If the sum of first $p$ terms of an A.P. is equal to the sum of first $q$ terms, then sum of first $(p+q)$ terms i.e., $S_{p+q}$ is
Sequences and Series
Solution:
Let $a$ and $d$ be the first term and common difference of an A.P.

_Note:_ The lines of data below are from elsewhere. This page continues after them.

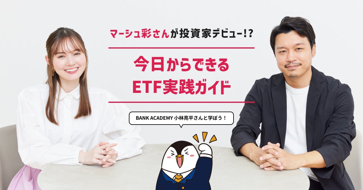 2024年より新しいNISA制度が始まり、資産形成に対する社会的な関心が高まっている中、マーシュ彩さんが当社の資産形成アンバサダーに就任、若年層を中心に資産形成の大切さを訴求する役割を務めていただいております。今回はその一環として、人気YouTubeチャンネル「BANK ACADEMY」を運営する小林亮平さんに投資のイロハを教えてもらいながら、投資未経験者のマーシュ彩さんが実際にETF(上場投資信託)投資に挑戦し、その投資結果も公開する連載企画をスタートします。
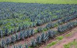 Mexican Blue Agave cultivation field in Jalisco, Mexico. "Agave tequilana" is a succulent plant, which is the main raw material for making tequila.
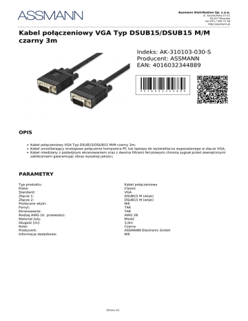 Assmann Distribution Sp. z o.o. ul. Szczecińska 17-21 54-517 Wrocław tel: 071 / 326 71 40 http://assmann.pl Kabel połączeniowy VGA Typ DSUB15/DSUB15 M/M czarny 3m Indeks: AK-310103-030-S Producent: ASSMANN EAN: 4016032344889 4 0 1 6 0 3 2 3 4 4 8 8 9 OPIS Kabel połączeniowy VGA Typ DSUB15/DSUB15 M/M czarny 3m; Kabel umożliwiający analogowe połączenie komputera PC lub laptopa do wyświetlacza wyposażonego w złącze VGA; Kabel miedziany z podwójnym ekranowaniem oraz z dwoma filtrami ferrytowymi chronią sygnał przed zewnętrznymi zakłóceniami gwarantując obraz wysokiej jakości; PARAMETRY Typ produktu: Klasa: Standard: Złącze 1: Złącze 2: Pozłacane wtyki: Ferryt: Ekranowanie: Rodzaj AWG (śr. przewodu): Materiał żyły: Długość [m]: Kolor: Producent: Informacje dodatkowe: Kabel połączeniowy Classic VGA DSUB15 M (wtyk) DSUB15 M (wtyk) NIE TAK TAK AWG 28 Miedź 3,0m Czarny ASSMANN Electronic GmbH NIE Strona 1/1 Powered by TCPDF (www.tcpdf.org)
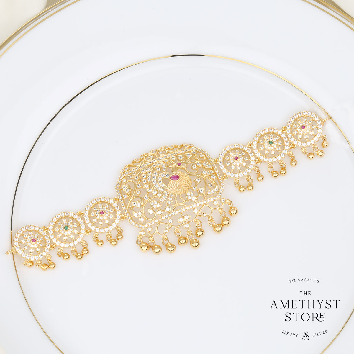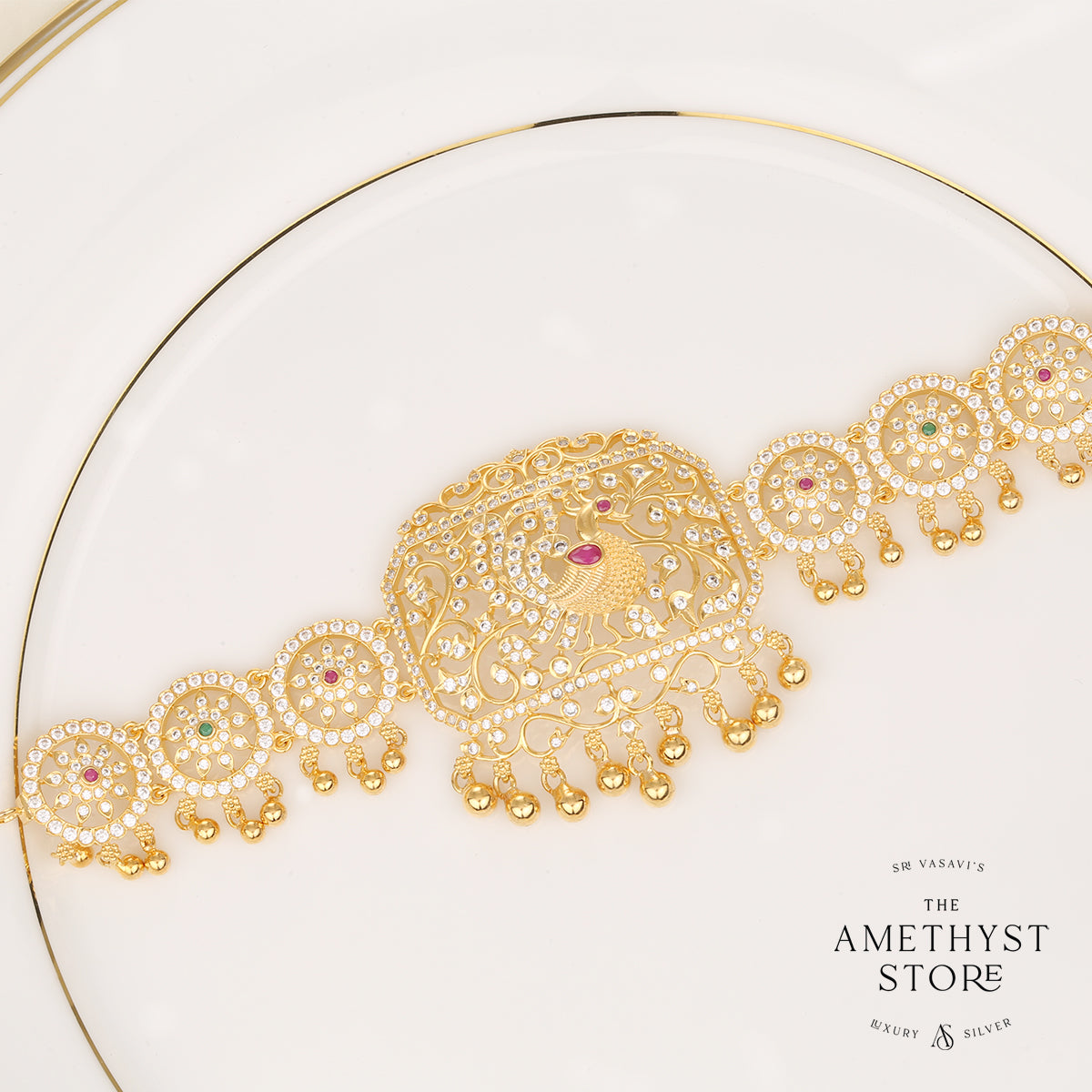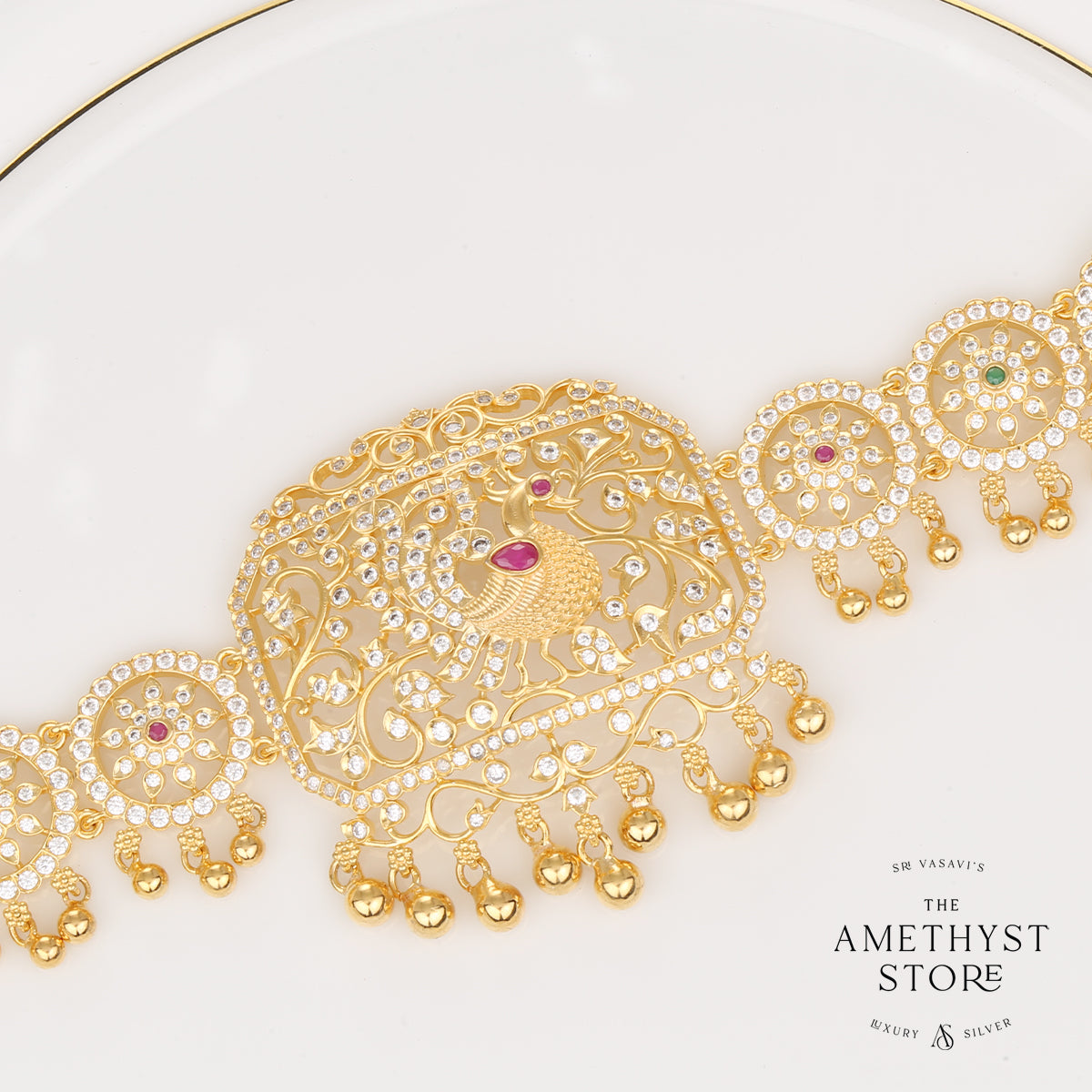 92.5 Silver, 22kt Gold Plated Necklace Studded with semi-precious stones.

$\because$ Sum of the first $p$ terms $=$ Sum of first $q$ terms
$\therefore S_p =S_q$
$\Rightarrow \frac{p}{2}[2 a+(p-1) d] =\frac{q}{2}[2 a+(q-1) d] $
$\left\{\because S_n=\frac{n}{2}[2 a+(n-1) d]\right\}$
$\Rightarrow p[2 a+(p-1) d]=q[2 a+(q-1) d]$
$\Rightarrow 2 a p+p(p-1) d=2 a q+q(q-1) d$
$\Rightarrow 2 a p-2 a q=q(q-1) d-p(p-1) d$
$\Rightarrow 2 a(p-q)=d\left[q^2-q-p^2+p\right]$
$\Rightarrow 2 a(p-q)=d\left[(p-q)+\left(q^2-p^2\right)\right]$
$\Rightarrow 2 a(p-q)=d[(p-q)+(q-p)(q+p)]$
$\Rightarrow 2 a(p-q)=d(p-q)[1-(p+q)]$
$\Rightarrow 2 a=d[1-(p+q)]$
$\Rightarrow 2 a=-d[(p+q)-1]$
$\Rightarrow 2 a+d(p+q-1)=0 .....$(i)
Now, $ S_{p+q}=\frac{p+q}{2}[2 a+[p+q-1] d]$
$=\frac{p+q}{2} \times 0 $ [from Eq. (i)]
$=0$